A Double Dwell High Sensitivity GPS Acquisition Scheme Using Binarized Convolution Neural Network

作者:Wang, Zhen; Zhuang, Yuan*; Yang, Jun; Zhang, Hengfeng; Dong, Wei; Wang, Min; Hua, Luchi; Liu, Bo; Shi, Longxing
来源:Sensors (Switzerland), 2018, 18(5): 1482.
DOI:10.3390/s18051482

摘要

Conventional GPS acquisition methods, such as Max selection and threshold crossing (MAX/TC), estimate GPS code/Doppler by its correlation peak. Different from MAX/TC, a multi-layer binarized convolution neural network (BCNN) is proposed to recognize the GPS acquisition correlation envelope in this article. The proposed method is a double dwell acquisition in which a short integration is adopted in the first dwell and a long integration is applied in the second one.
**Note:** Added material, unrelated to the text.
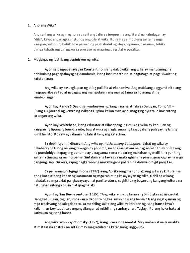 Binigyang kahulugan ni Henry Gleason ang wika bilang isang balangkas na masistema ng mga tunog na binibigkas at inayos sa arbitraryong pamamaraan para makabuo ng mga titik na pagsasama-samahin upang makagawa ng isang salita na maaaring gamitin sa pagpapahayag ng damdamin o saloobin. Pagiging natatangi ng mga salitang Griyego lalo na sa mga pangngalang pantago 3. Ayon kay Webster1974536ang wika ay isang sistema ng komunikasyon sa pagitan ng mga tao sa pamamagitan ng mga pasulat o pasalitang simbulo.
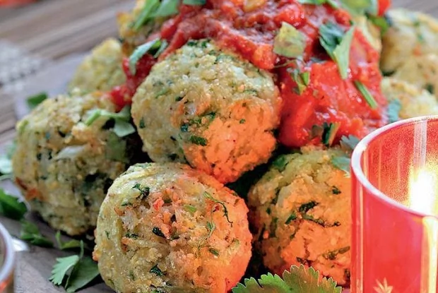 ШАГ 6 Обжаренные шарики выложить на бумажное полотенце, чтобы впитался лишний жир, затем залить томатным соусом и немедленно подать, посыпав оставшейся зеленью.

To reduce the search space for parameters, BCNN detects the possible envelope which contains the auto-correlation peak in the first dwell to compress the initial search space to 1/1023. Although there is a long integration in the second dwell, the acquisition computation overhead is still low due to the compressed search space. Comprehensively, the total computation overhead of the proposed method is only 1/5 of conventional ones. Experiments show that the proposed double dwell/correlation envelope identification (DD/CEI) neural network achieves 2 dB improvement when compared with the MAX/TC under the same specification.